The Citizens United decision is a very unfortunate ruling for both the integrity of our political system and the reputation of the Court. It represents nothing less than a rebuke of a century of deliberated political culture and an affirmation that the Roberts Court intends to be an activist court when it comes to writing this nation’s laws.
Despite a century of repeated congressional deliberations on corporate money in politics – beginning with the 1907 Tillman Act, followed by the 1925 Federal Corrupt Practices Act, the 1943 War Labor Disputes Act, the 1947 Taft-Hartley Act, the 1971 FECA, and the 2002 BCRA – the new Supreme Court decided it knows best. The Roberts Court concluded it even knows better than all previous courts, which have generally upheld the same restrictions.
It is difficult to know how much new money the ruling will bring into politics – after all, the nation has never lived in this kind of political environment – but it is likely to be very substantial and very threatening. The ambiguous Wisconsin Right to Life ruling, which poked a hole in BCRA, immediately resulted in $100 million in new corporate spending in the last two months of the 2008 elections. The unambiguous Citizens United decision takes away what’s left of the dam limiting corporate money. The Chamber of Commerce alone reported spending $144 million in lobbying Capitol Hill in 2009 and have pledged even greater political expenditures in the coming year.

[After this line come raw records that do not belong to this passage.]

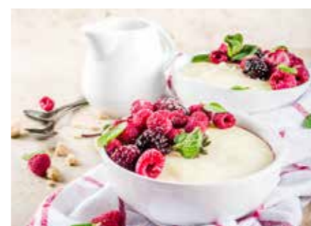
KAŠE STR. 52-53
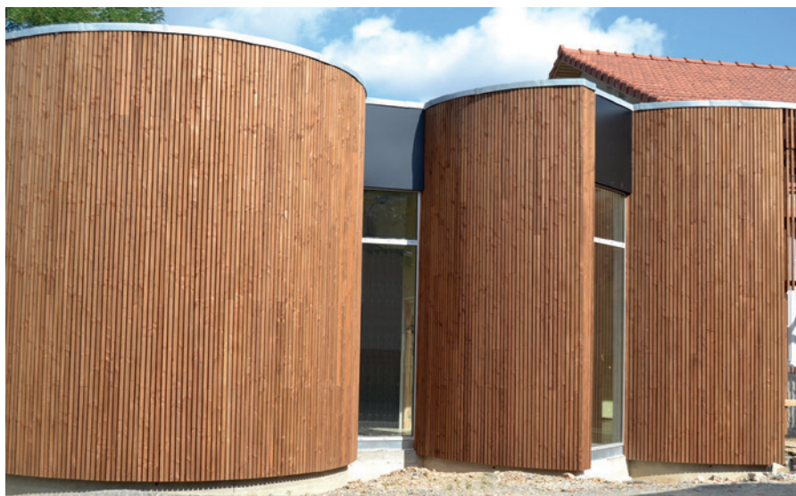
L'extension baroque et le cadrage de ses ouvertures

L'ancienne gare de Briatexte, transformée en maison d'habitation, accueille aujourd'hui les nouveaux locaux de la médiathèque, résultat d'une volonté de réinvestir et de valoriser des locaux communaux. Un renouveau pour ce bâtiment à l'image sociale fortement ancrée, dont il s'est agi de respecter le caractère d'origine et d'affirmer sa vocation d'équipement public, tout en le liant au cœur de bourg.
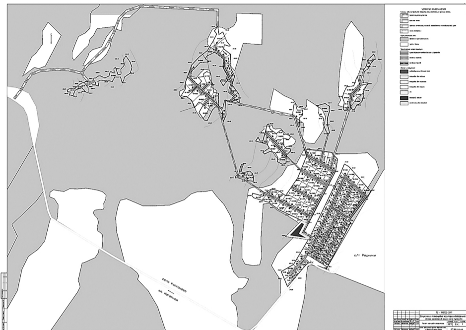
Схема организации улично-дорожной сети и движения транспорта (шифр проекта Т1-1907СО-2017)

УТВЕРЖДЕНА постановлением Главы Полевского городского округа от 02.03.2018 № 282 «Об утверждении документации по планировке территории индивидуальной дачной застройки в районе с. Курганово»
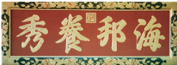
「国学」創建の際、尚温王揮毫の扁額
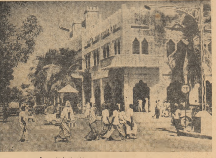
Pe o stradă din Mogadiscio, capitala Republicii Somalia

BAGDAD. — Ziarul „Al Saoura al Arabia“, relatează că printr-un decret al președintelui Arief, au fost demisi din funcție pe care le ocupau o serie de personalități din timpul regimului baasist. Printre aceștia figurează fostul prim-ministru Ahmed Hassan el Bakr care ulterior a deținut funcția de ambasador în Ministerul de Externe fostul general Hardan Taktiri, fostul ambasador în Suedia, fostul ministru al comunicațiilor, Abdel Sattar Abdel Latif, ambasador în Belgia, și fostul director general al căilor ferate din Irak, Diab Akkawi, însărcinat cu afaceri în Afganistan.
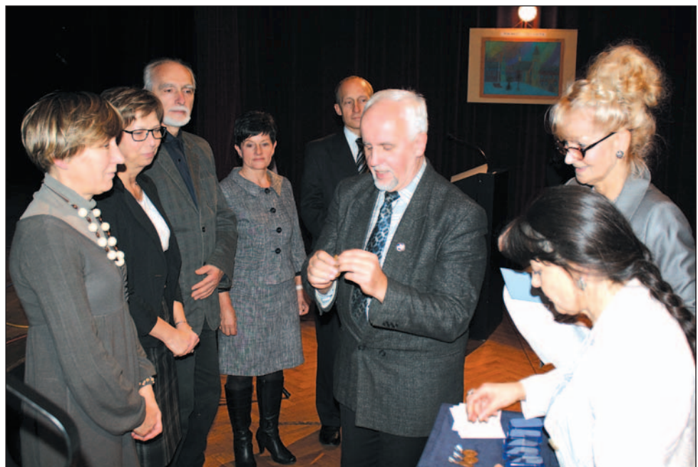
Ważnym punktem uroczystości było wręczenie Medalii im. Henryka Jordana. To najwyższe odznaczenie TPD.

Imprezę w „Górniku” zakończyła prezentacja multimedialna pt. „Bezpieczeństwo dzieci i młodzieży w sieci”.
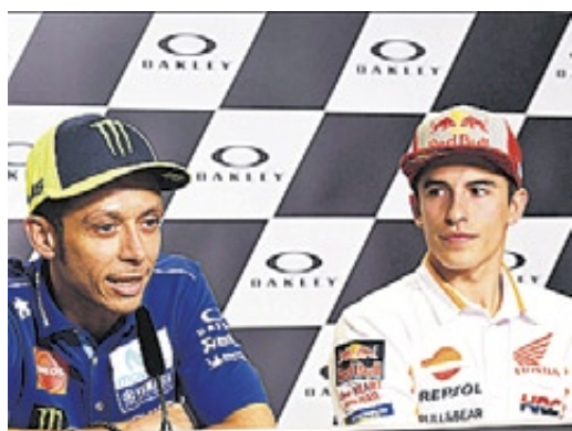
Márquez y Rossi, en la rueda de prensa de Mugello

vera nunca ha sido bien recibido por en casa de Rossi y tras el último incidente con ‘il dottore’ en Argentina ya cuenta que este año le van a abuchear con ganas. Él le quita importancia: “¿El ambiente de Mugello? Taponos para los oídos, casco, pista y listos”, afirma.

Citizens United provides corporations with a powerful club indeed to bring to Capitol Hill, as Congress next grapples with global warming and the abuses of the financial industry. The recent healthy rise in small donors staking claim to helping finance candidates and shape the political agenda will be dwarfed and perhaps eliminated in 2010.
Make no mistake: this is a rogue court flouting democratic processes and the will of the people.
Citizens United cannot stand.
Several immediate steps must be taken to soften the blow. The most significant is passage of a strong public financing system for congressional and presidential elections – strong enough to provide candidates with the resources to answer the expected corporate onslaught.
Another important step is passage of a comprehensive shareholder protection act, requiring each and every corporate expenditure by a CEO to be approved by a majority of the corporate shareholders, including those of us who have retirement accounts invested in the corporate treasuries.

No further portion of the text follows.